Gradient boosting
Overview
Teaching: 20 min
Exercises: 10 minQuestions
What is the state of the art in tree models?
Objectives
Train gradient boosted models.
Visualise the decision boundaries.
Gradient boosting
Last, but not least, we move on to gradient boosting. Gradient boosting, our last topic, elegantly combines concepts from the previous methods. As a “boosting” method, gradient boosting involves iteratively building trees, aiming to improve upon misclassifications of the previous tree. Gradient boosting also borrows the concept of sub-sampling the variables (just like Random Forests), which can help to prevent overfitting.
While it is too much to express in this tutorial, the biggest innovation in gradient boosting is that it provides a unifying mathematical framework for boosting models. The approach explicitly casts the problem of building a tree as an optimization problem, defining mathematical functions for how well a tree is performing (which we had before) and how complex a tree is. In this light, one can actually treat AdaBoost as a “special case” of gradient boosting, where the loss function is chosen to be the exponential loss.
Let’s build a gradient boosting model.
np.random.seed(321)
mdl = ensemble.GradientBoostingClassifier(n_estimators=10)

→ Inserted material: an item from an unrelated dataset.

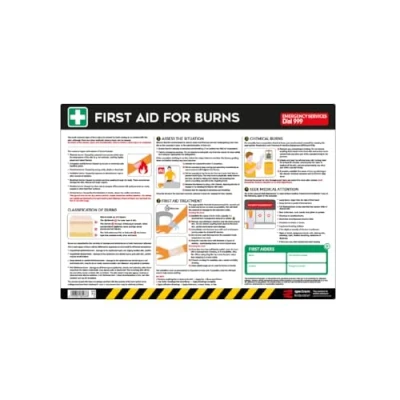 First Aid For Burns Safety Poster, Easy To Read Information Guide, Made From Anti Scuff Laminate PVC, W594mm x H420mm

mdl = mdl.fit(x_train.values, y_train.values)
plt.figure(figsize=[9,5])
txt = 'Gradient boosted tree (final decision surface)'
glowyr.plot_model_pred_2d(mdl, x_train, y_train, title=txt)
Key Points
As a “boosting” method, gradient boosting involves iteratively building trees, aiming to improve upon misclassifications of the previous tree.
Gradient boosting also borrows the concept of sub-sampling the variables (just like Random Forests), which can help to prevent overfitting.
The performance gains come at the cost of interpretability.